D.R. Horton calls them "flags," and it doesn't take a leap of the imagination to get why. Drive new neighborhoods almost anywhere in our 2017 Builder of the Year D.R. Horton's 39 operating divisions in 78 markets in 26 operating states, and you will be struck by those 21-foot by 3-and-a-half foot banners. Bold and resilient flags in American red, white, and blue, flap crisply in the breeze, beckoning one and all to a dream come true, to a new home community.

Many think the basic measurable unit of home building in the United States is the square foot. We'd argue, rather, that home building's most essential building block--what makes new residential construction vastly different from any other form of real estate--is the project, the subdivision, the neighborhood where there was none, the new community.

A new neighborhood, after all, is literally a microcosm of America's self-invention process, starting with a place that's "no where" to most people, and evolving it into what the nation is striving to become, a pulsing, dynamic, living place inhabited by people who care exactly where they are as they care for one another.

A new neighborhood, too, is a business blend. It's part ancestral practice and procedure, handed down from skilled builders through scores of years, eras, and generations, and, equally, part start-up enterprise. Each project, subdivision, and community--what D.R. Horton calls its flags, and what other builders refer to as stores--after all, is a business whose very existence starts when a land deal is done and a land plan gets its green light from a local planning board, and a bulldozer starts to move dirt.

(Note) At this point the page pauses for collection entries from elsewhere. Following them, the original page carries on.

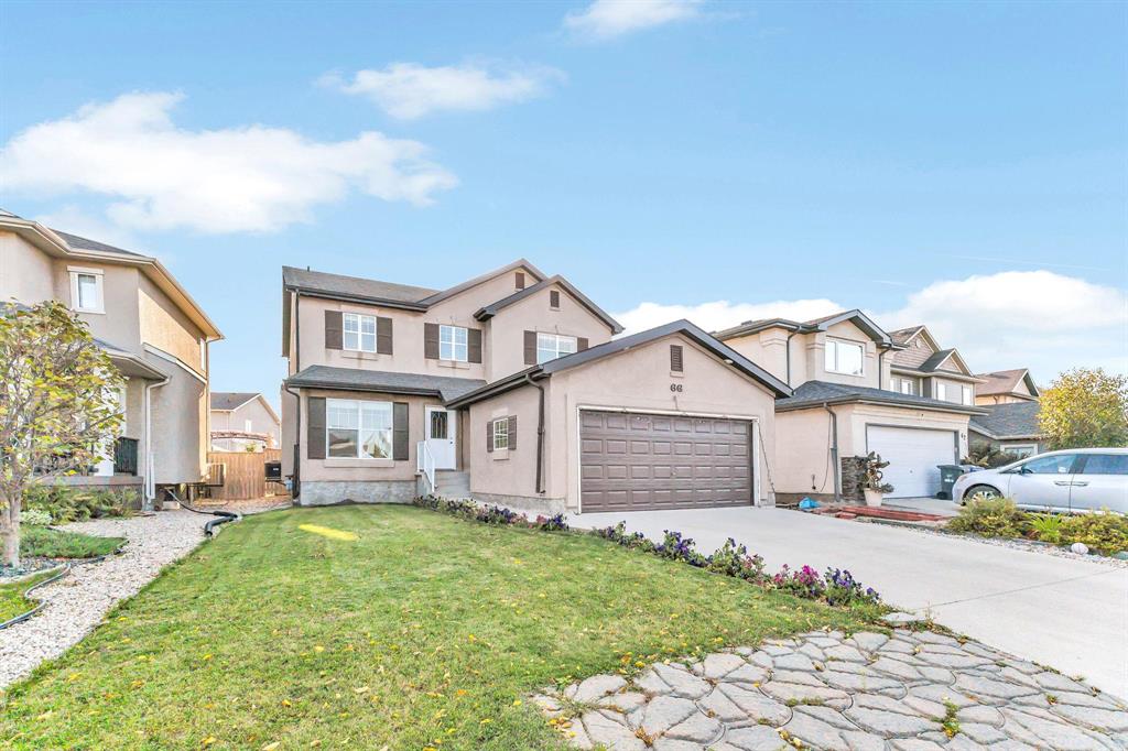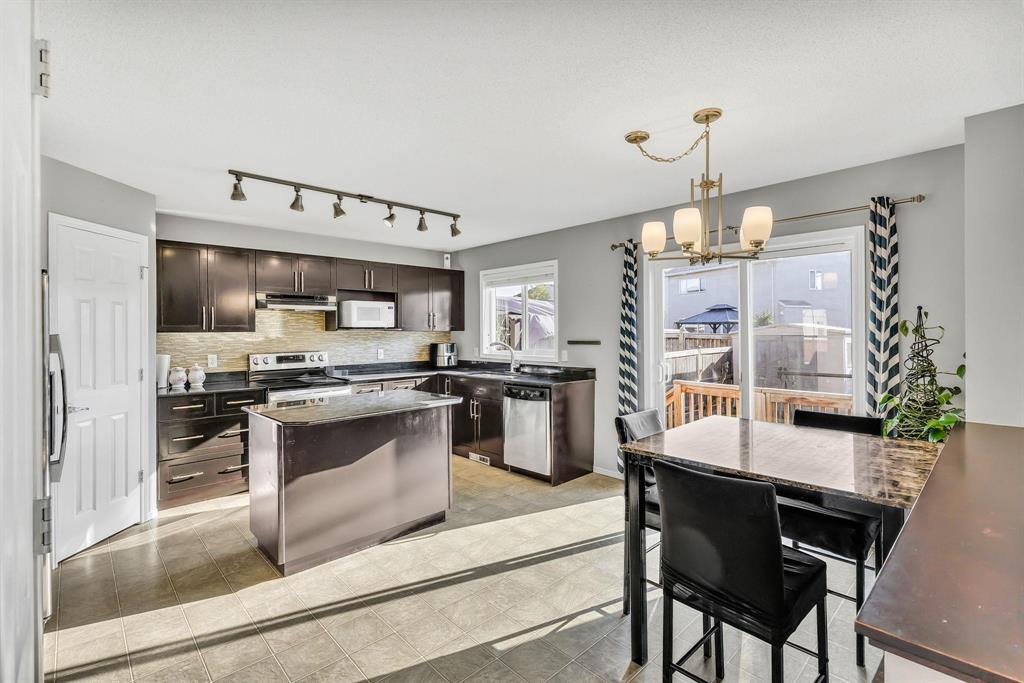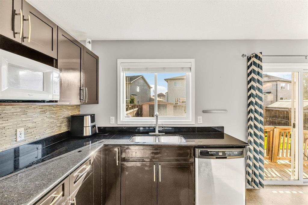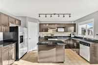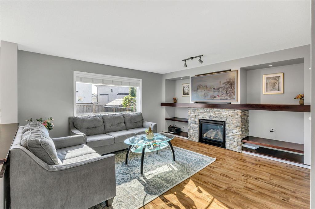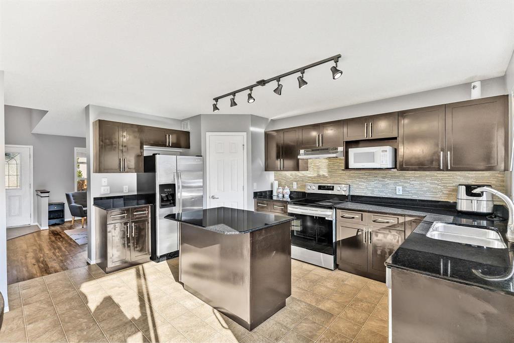 Showings start now. Offers presented Oct 6th. Excellent value! Stylish, spacious, and sun-filled—this 2-storey delivers everything a modern family needs. The open-concept main floor features a great room with custom nook wall, a warm family room with gas fireplace + stone surround, and a stunning eat-in kitchen with maple cabinetry, stone countertops, tiled backsplash, corner pantry, and an island w/ breakfast bar. Patio doors open to a sun-soaked southwest-facing yard with deck, patio, and garden boxes—ideal for outdoor living. A powder room, laundry, and mudroom connecting to the double attached garage add convenience. Upstairs, find 4 private bedrooms, including a primary retreat with ensuite bath and walk-in closet. A full 4pc bath completes the level. The partially finished basement offers a large recroom area(needs finishing), bedroom, and a bathroom. Close to schools, trails & amenities—this is the one you’ve been waiting for.
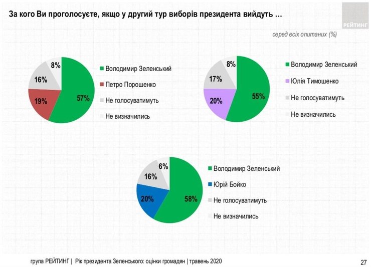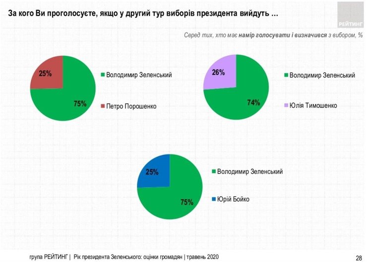 Зеленский снова получил бы 75% голосов во втором туре выборов, — опрос Рейтинга
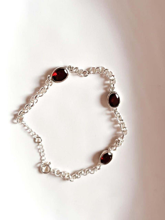 Garnet 3 Stone 925 Sterling Silver Bracelet
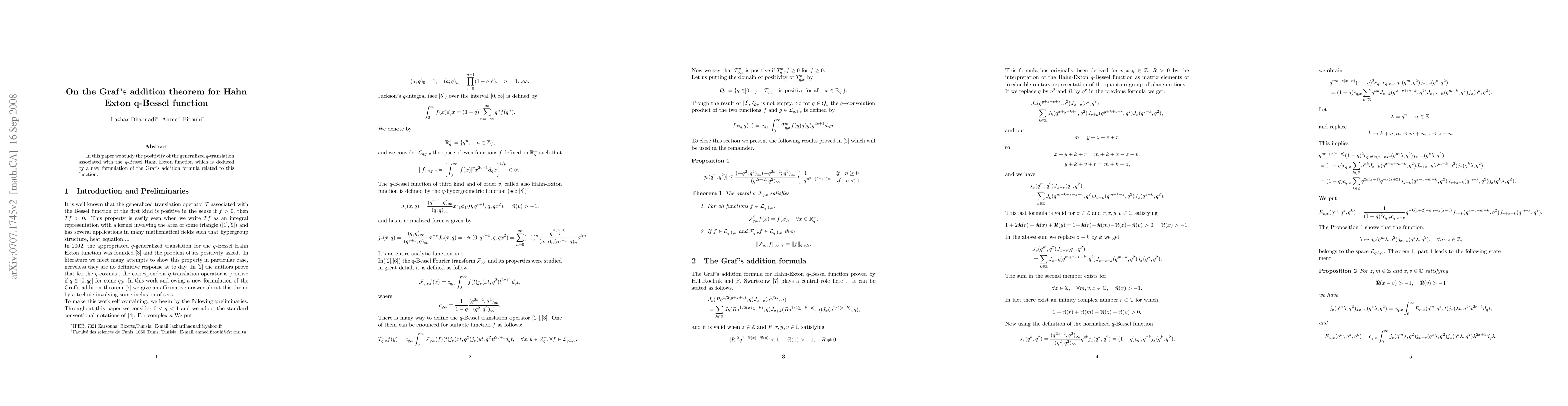 This paper investigates the positivity of a generalized $q$-translation for the Hahn Exton $q$-Bessel function, utilizing a newly formulated version of Graf's addition theorem to achieve this.

Each new community is an entire business--beginning, middle, and end--with finance, manufacturing, marketing, sales, retailing, product design, sourcing, engineering, and politics each playing a critical role in the going concern. The fact that home builders have gotten so good at driving value from the first capital investment in the parcel through the sell-out of the last units and model homes in those new communities testifies to an encouraging future for the business community as a whole.

To excel and to thrive profitably at both challenges--the ancestral disciplines of home construction at widely varying volumes, and the new-economy disciplines of marketing, big data, automation, machine learning, technological production techniques, etc. of new entrepreneurial initiatives behind each new community--create the builders' dilemma.

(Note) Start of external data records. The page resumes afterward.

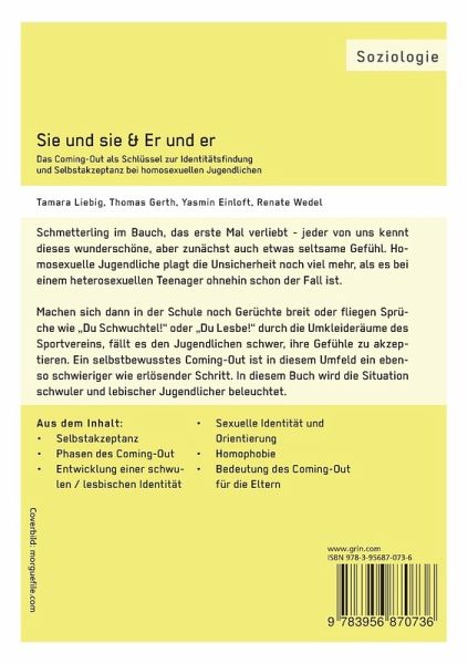 Fachbuch aus dem Jahr 2013 im Fachbereich Soziologie - Familie, Frauen, Männer, Sexualität, Geschlechter, , Sprache: Deutsch, Abstract: Schmetterling im Bauch, das erste Mal verliebt - jeder von uns kennt dieses wunderschöne, aber zunächst auch etwas seltsame Gefühl. Homosexuelle Jugendliche plagt die Unsicherheit noch viel mehr, als es bei einem heterosexuellen Teenager ohnehin schon der Fall ist.Machen sich dann in der Schule noch Gerüchte breit oder fliegen Sprüche wie "Du Schwuchtel!" oder "Du Lesbe!" durch die Umkleideräume des Sportvereins, fällt es den Jugendlichen schwer, ihre Gefühle zu akzeptieren. Ein selbstbewusstes Coming-Out ist in diesem Umfeld ein ebenso schwieriger wie erlösender Schritt. In diesem Buch wird die Situation schwuler und lebischer Jugendlicher beleuchtet.Aus dem Inhalt:SelbstakzeptanzPhasen des Coming-OutEntwicklung einer schwulen / lesbischen IdentitätSexuelle Identität und OrientierungHomophobieBedeutung des Coming-Out für die Eltern
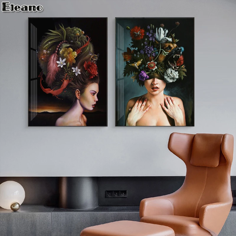 Абстрактная Картина на холсте с изображением пчелы на голове сексуальной женщины и мужчины, украшение для гостиной, настенные картины, Постер в скандинавском стиле, Декор
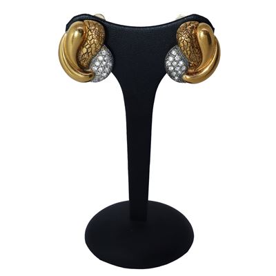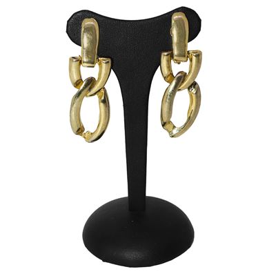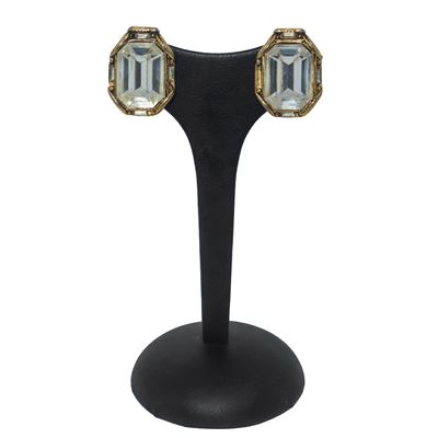 Orecchini in metallo dorato pendenti con chiusura a clip strass e motivo decorativo sul fronte

In 2016, Builder 100 and Next 100 companies delivered 296,981 new homes to buyers, thanks to about 76,000 associates working at those 200 organizations. That accomplishment comes even clearer when we compare last year with our 2015 crop of top 200 companies. Year-on-year, a mere 2.7% increase in associates from 2015 to 2016 yielded an almost 17% gain in home deliveries. In absolute numbers, that means adding 2,000 employees to the top 200 companies' ranks correlated with almost 43,000 more new homes sold and settled in the 12-months from Jan. 1 to Dec. 31, 2016.

This means two things. One is that home builders--big ones as well as smaller more bespoke firms building in America--are, in fact, good at what they do. The other is that the mere fact of being good at this business right now constitutes a risk, not only of not thriving, but of oblivion in the near, three to five year future.

The dilemma is exactly this. If the people and processes in home building are producing such solid, measurably improving results right now, even with adversity, challenges, and headwinds, why question the model? Why mess with a proven, multi-cycle validated set of business principles and practices?

Two possible answers to that fair question. One is that technology is leaving builders behind, because current operational effectiveness protects the past at the expense of trying what will be best for tomorrow. The other is that builders are leaving more and more of their potential customers behind because builders can't use technology, data, automation, materials science, and capital to broaden the pool of potential home buyers at the lower end of the price spectrum, because builders are too encumbered by local land use and local code and local permitting fees to offer new home communities for close to what lower-end resales might go for in the same locality.

Does anyone think that the two trends--technology leaving builders behind and builders leaving greater and greater numbers of American households behind--are related? We do. It's what we mean when we say builders' dilemma. Today's success could fatally impact tomorrow's viability, if today's success affirms only "the way we've always done it," and not "how we ought to be trying it."

The challenge for builders right now is to to use this part of this housing recovery to get to the next one. For D.R. Horton, the answer is in those flags, those stakes in the ground where the enterprise's 7,000 associates start up new companies with each new neighborhood, and manage it with mastery, autonomy, and purpose. The answer is blowing in the wind.